■ REQUIRED WORK ■
Could you return, exactly as written, every line from the one containing "首次使用时,请仔细阅读平台的" through the last line of the entries below, leaving out the pictures?

■ Stored data ■
■ ■ ■ ■ ■

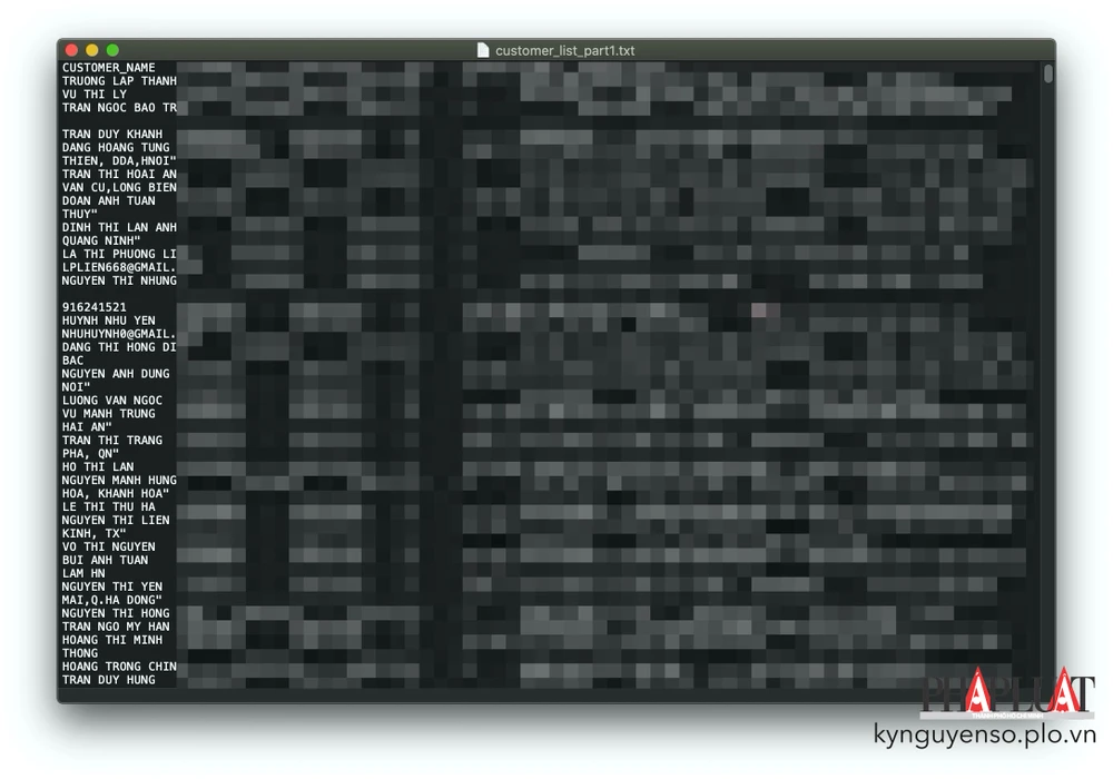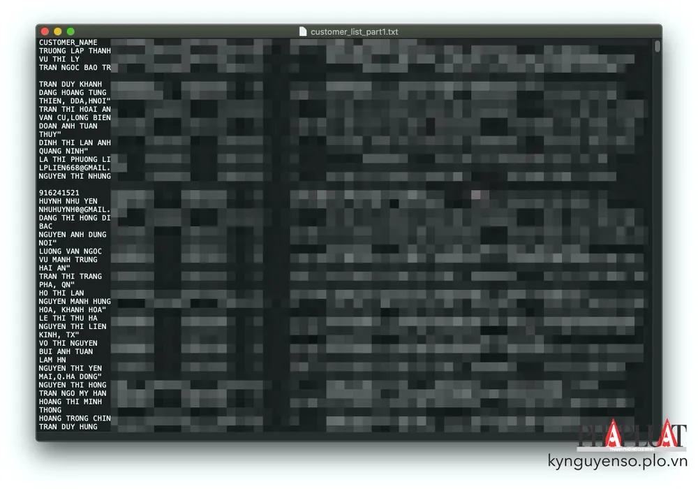Khi thử tải về file dữ liệu, PVPLO thấy bên trong có rất nhiều thông tin bao gồm tên khách hàng, ngày tháng năm sinh, giới tính, chức vụ, số điện thoại, địa chỉ email…
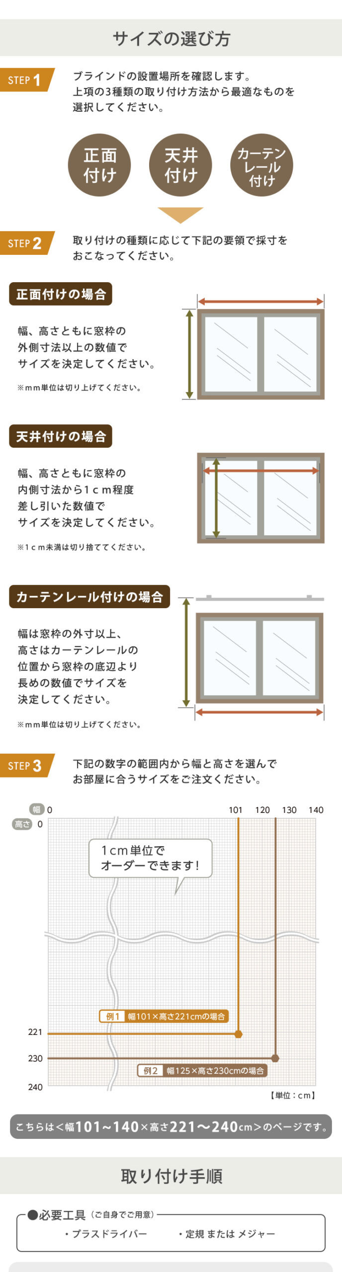 1cm単位のオーダー対応! 木目調アルミブラインド 幅101~140cm×高さ221~240cm
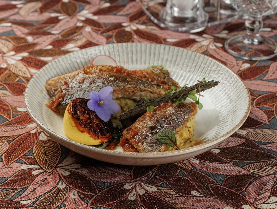 Жареный карп с толчёным картофелем и сальсой из овощей. Аналогичные блюда бывали в нашем меню уже много раз. А конкретно такой вариант – усовершенствованный вариант весны 2025 г.
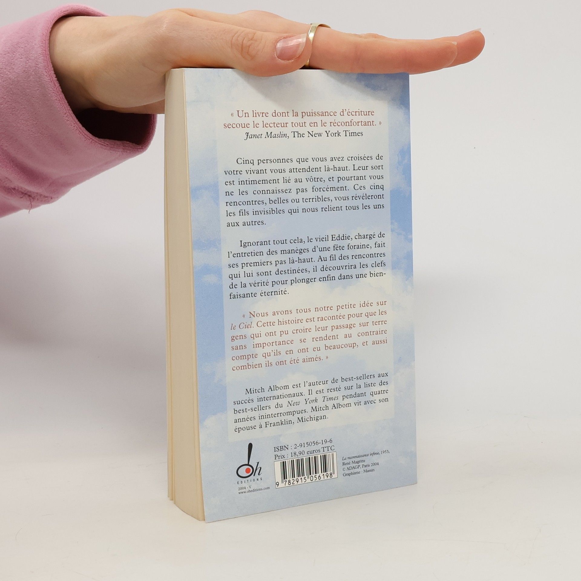 " Un livre dont la puissance d'écriture secoue le lecteur tout en le réconfortant. ", Janet Maslin, The New York Times. Cinq personnes que vous avez croisées de votre vivant vous attendent là-haut. Leur sort est intimement lié au vôtre, et pourtant vous ne les connaissez pas forcément. Ces cinq rencontres, belles ou terribles, vous révéleront les fils invisibles qui nous relient tous les uns aux autres. Ignorant tout cela, le vieil Eddie, chargé de l'entretien des manèges d'une fête foraine, fait ses premiers pas là-haut. Au fil des rencontres qui lui sont destinées, il découvrira les clefs de la vérité pour plonger enfin dans une bienfaisante éternité. " Nous avons tous notre petite idée sur le Ciel. Cette histoire est racontée pour que les gens qui ont pu croire leur passage sur terre sans importance se rendent au contraire compte qu'ils en ont eu beaucoup, et aussi combien ils ont été aimés. "
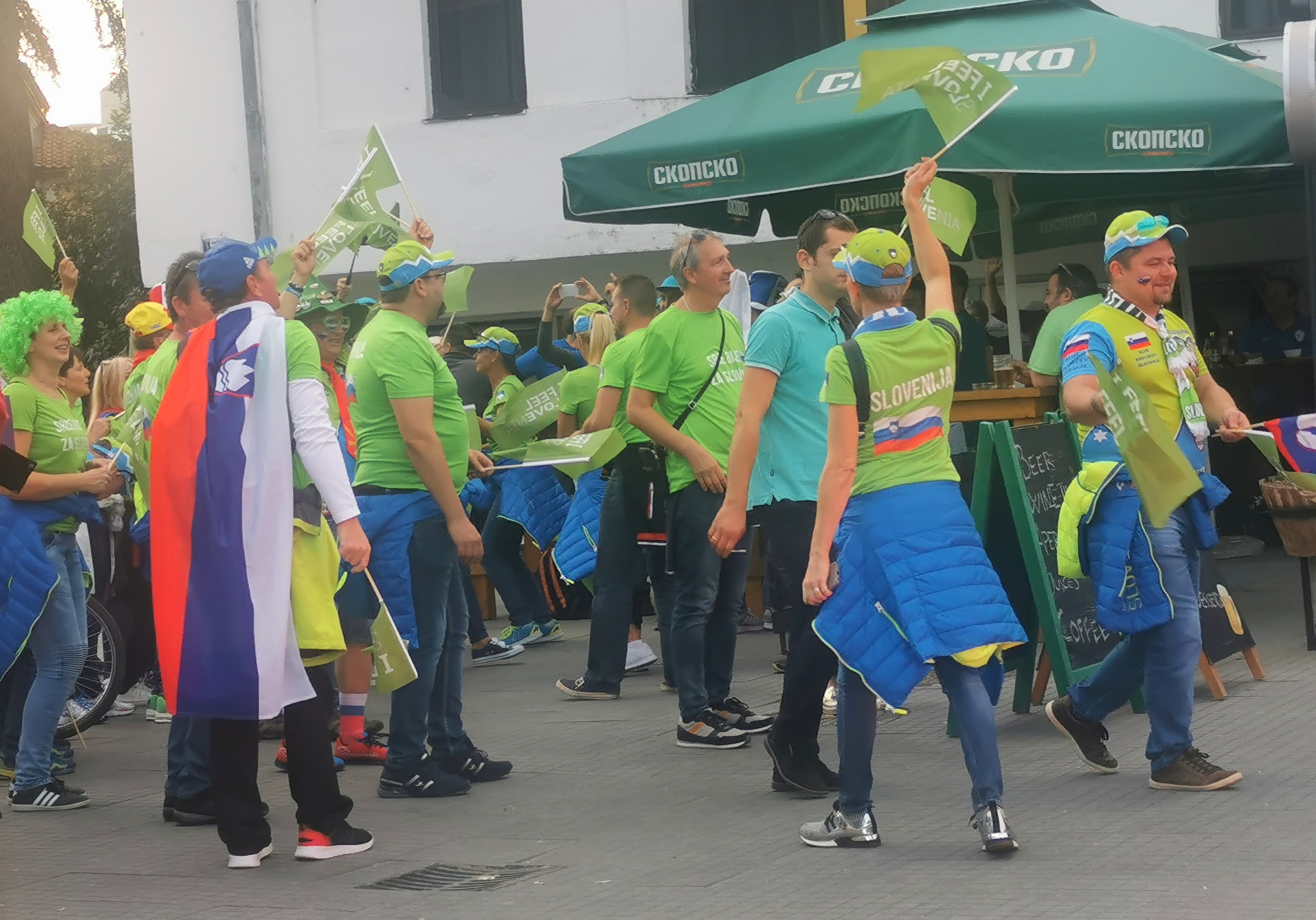 Словенечките навивачи во видно пријателско расположение попладнево го “окупираа” центарот на Скопје во очекување на квалификацискиот натпревар со Македонија.
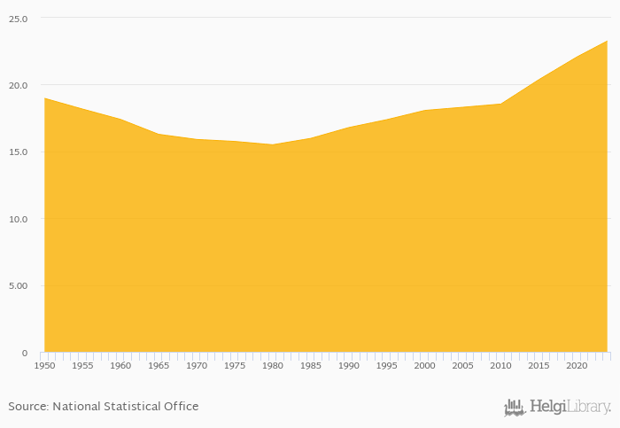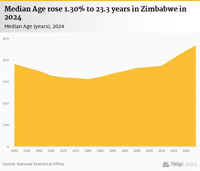 Median age rose 1.30% to 23.3 years in Zimbabwe in 2024, according to the National Statistical Office.
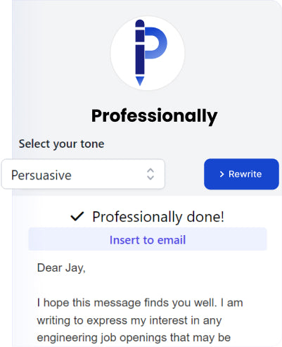 Professionally is an absolute game-changer for business communication. Its ability to adapt emails according to the desired tone is simply fantastic. I've seen an improvement in my professional relationships ever since I started using it. Highly recommended!
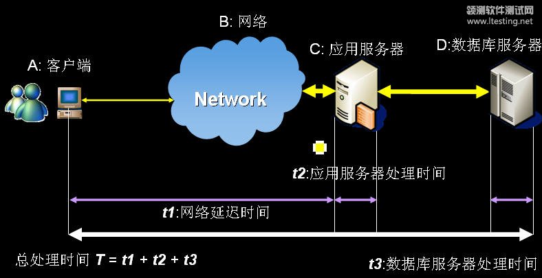 这个图源于小布老师的视频中,比较直观、简洁地反映了一个应用系统的运行过程,其中包括客户端、网络、应用服务器和数据库服务器,其中每一个环节都是在执行性能测试分析中必不可少的元素,结构图中也合理得分析出了响应时间的处理过程,当请求从客户端发出之后到最后返回到客户端,这个过程中每一个环节的处理都有可能最后成为系统运行中的性能瓶颈,所以可见对系统整体结构的理解是何等重要。
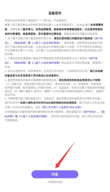 首次使用时,请仔细阅读平台的服务条款和隐私政策,确认无误后点击同意按钮,即可进入应用。
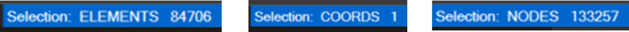 This tool displays the count of selected elements, nodes, and coordinate systems in the FEM analysis model within the 3D window.

■ ■ ■ ■ ■

■ SOLUTION TO THIS EXERCISE ■
 首次使用时,请仔细阅读平台的服务条款和隐私政策,确认无误后点击同意按钮,即可进入应用。
 This tool displays the count of selected elements, nodes, and coordinate systems in the FEM analysis model within the 3D window.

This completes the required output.